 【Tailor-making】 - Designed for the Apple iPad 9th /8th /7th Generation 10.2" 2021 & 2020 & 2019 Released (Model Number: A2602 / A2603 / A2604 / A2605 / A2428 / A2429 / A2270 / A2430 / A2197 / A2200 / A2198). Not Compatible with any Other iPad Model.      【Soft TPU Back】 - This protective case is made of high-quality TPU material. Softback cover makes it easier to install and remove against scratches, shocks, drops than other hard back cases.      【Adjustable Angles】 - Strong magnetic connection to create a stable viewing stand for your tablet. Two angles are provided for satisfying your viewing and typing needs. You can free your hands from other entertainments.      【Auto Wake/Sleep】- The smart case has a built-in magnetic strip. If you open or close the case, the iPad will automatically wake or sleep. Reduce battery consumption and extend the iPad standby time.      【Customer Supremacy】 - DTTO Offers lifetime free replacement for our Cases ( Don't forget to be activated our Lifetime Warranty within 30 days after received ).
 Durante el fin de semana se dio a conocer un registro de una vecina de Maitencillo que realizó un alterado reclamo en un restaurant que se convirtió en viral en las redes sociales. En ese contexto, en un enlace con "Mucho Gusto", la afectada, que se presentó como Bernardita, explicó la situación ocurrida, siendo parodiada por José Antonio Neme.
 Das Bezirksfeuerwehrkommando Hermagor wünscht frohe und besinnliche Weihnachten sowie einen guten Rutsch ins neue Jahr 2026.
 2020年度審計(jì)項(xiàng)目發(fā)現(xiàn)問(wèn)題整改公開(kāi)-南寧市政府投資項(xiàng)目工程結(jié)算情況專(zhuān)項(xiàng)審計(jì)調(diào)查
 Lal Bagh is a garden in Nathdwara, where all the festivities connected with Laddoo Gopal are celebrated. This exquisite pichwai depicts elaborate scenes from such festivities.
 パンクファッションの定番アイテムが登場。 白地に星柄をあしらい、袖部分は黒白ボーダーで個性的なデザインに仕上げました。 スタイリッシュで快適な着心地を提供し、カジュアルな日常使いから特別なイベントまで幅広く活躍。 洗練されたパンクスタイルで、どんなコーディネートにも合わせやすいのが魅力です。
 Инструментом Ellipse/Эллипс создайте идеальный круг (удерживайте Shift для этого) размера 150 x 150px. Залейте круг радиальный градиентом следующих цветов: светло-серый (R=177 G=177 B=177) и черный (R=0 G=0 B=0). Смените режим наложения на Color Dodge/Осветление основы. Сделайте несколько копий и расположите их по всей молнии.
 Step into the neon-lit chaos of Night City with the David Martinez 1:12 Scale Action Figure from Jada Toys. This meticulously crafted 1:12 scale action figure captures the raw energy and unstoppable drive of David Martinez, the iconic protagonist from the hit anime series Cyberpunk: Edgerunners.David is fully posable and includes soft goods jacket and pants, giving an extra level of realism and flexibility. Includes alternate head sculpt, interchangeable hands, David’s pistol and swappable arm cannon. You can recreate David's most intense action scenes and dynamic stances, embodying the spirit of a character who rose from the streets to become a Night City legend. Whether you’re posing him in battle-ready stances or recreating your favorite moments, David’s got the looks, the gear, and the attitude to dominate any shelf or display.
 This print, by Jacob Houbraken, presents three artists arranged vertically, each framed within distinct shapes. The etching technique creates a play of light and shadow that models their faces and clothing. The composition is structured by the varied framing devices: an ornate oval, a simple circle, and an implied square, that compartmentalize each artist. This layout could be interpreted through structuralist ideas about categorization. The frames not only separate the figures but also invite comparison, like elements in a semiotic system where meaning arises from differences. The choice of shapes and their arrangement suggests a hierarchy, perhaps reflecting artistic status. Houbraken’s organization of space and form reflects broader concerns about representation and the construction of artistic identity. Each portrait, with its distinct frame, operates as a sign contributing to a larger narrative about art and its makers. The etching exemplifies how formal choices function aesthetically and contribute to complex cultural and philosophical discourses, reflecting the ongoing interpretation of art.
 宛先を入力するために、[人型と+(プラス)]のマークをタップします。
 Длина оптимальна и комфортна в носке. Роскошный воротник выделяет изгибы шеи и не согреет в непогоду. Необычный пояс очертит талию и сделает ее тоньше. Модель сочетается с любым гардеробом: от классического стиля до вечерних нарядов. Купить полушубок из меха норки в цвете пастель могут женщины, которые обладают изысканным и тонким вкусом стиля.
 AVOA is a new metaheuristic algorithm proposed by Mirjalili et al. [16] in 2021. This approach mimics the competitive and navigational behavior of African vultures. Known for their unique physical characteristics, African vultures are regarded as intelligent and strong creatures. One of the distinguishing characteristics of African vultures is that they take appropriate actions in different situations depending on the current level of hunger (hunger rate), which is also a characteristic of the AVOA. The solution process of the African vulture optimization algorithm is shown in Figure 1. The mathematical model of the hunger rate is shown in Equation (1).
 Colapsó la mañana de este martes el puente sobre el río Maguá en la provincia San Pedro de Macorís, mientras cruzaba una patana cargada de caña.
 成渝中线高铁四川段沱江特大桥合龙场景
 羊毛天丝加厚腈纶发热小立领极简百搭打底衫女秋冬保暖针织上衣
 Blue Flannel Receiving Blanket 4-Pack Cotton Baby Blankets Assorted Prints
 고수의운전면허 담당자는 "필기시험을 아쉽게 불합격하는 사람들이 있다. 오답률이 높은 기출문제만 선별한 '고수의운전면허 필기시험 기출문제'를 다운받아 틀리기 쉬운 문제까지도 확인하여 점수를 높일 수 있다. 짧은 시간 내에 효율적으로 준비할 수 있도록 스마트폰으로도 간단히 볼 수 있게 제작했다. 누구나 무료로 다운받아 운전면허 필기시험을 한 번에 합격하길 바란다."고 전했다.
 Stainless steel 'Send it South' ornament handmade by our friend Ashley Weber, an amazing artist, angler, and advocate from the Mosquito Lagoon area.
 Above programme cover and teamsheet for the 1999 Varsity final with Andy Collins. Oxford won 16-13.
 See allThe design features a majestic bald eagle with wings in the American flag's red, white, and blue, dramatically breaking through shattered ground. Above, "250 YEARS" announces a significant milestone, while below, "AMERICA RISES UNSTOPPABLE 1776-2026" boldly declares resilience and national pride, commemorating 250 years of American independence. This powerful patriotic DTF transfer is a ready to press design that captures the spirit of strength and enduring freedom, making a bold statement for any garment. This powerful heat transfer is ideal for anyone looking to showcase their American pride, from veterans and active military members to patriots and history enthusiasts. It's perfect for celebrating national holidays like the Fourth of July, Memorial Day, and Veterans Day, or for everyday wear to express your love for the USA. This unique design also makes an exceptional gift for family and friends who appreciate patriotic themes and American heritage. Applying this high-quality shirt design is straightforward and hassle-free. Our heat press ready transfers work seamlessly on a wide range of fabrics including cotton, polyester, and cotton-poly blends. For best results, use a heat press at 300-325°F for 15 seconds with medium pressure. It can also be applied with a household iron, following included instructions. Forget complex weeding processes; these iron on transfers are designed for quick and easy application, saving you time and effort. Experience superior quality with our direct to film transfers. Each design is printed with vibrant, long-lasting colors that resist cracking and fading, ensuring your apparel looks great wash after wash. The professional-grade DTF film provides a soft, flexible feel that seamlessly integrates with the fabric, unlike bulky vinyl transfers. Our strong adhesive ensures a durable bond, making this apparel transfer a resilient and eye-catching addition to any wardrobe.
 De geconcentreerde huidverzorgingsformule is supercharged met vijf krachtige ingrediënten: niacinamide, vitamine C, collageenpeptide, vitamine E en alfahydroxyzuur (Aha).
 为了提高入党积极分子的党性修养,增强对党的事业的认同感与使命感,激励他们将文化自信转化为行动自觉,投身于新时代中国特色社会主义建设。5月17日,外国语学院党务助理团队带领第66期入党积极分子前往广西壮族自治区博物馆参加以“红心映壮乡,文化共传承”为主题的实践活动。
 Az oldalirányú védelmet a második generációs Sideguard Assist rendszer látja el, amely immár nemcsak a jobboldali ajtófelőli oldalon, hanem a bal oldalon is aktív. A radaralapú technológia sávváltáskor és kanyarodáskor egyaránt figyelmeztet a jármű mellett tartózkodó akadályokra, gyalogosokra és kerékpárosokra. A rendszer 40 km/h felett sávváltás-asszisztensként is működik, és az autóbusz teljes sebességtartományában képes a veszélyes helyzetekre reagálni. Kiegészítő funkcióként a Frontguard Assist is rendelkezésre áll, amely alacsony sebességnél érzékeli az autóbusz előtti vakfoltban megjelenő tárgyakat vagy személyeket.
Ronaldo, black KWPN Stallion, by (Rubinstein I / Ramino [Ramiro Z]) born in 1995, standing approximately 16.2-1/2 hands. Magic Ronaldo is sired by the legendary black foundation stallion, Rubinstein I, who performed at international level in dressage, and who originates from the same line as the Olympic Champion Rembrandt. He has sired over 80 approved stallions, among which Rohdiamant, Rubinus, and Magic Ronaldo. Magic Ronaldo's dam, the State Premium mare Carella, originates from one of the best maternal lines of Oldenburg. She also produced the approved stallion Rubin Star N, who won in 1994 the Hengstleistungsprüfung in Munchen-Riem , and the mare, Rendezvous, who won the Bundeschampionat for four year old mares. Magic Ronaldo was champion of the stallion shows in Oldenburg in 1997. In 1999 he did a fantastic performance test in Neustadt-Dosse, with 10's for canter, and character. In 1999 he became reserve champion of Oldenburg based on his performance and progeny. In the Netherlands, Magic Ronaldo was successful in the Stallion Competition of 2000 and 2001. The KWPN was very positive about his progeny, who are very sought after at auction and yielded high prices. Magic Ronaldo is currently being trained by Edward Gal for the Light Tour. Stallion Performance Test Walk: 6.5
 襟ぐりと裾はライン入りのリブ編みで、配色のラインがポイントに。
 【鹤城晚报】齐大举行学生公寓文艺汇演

## EXERCISE BRIEF
Look for the word "scenes". Copy out every line of the data that has it.

## OUTPUT
 Lal Bagh is a garden in Nathdwara, where all the festivities connected with Laddoo Gopal are celebrated. This exquisite pichwai depicts elaborate scenes from such festivities.
 Step into the neon-lit chaos of Night City with the David Martinez 1:12 Scale Action Figure from Jada Toys. This meticulously crafted 1:12 scale action figure captures the raw energy and unstoppable drive of David Martinez, the iconic protagonist from the hit anime series Cyberpunk: Edgerunners.David is fully posable and includes soft goods jacket and pants, giving an extra level of realism and flexibility. Includes alternate head sculpt, interchangeable hands, David’s pistol and swappable arm cannon. You can recreate David's most intense action scenes and dynamic stances, embodying the spirit of a character who rose from the streets to become a Night City legend. Whether you’re posing him in battle-ready stances or recreating your favorite moments, David’s got the looks, the gear, and the attitude to dominate any shelf or display.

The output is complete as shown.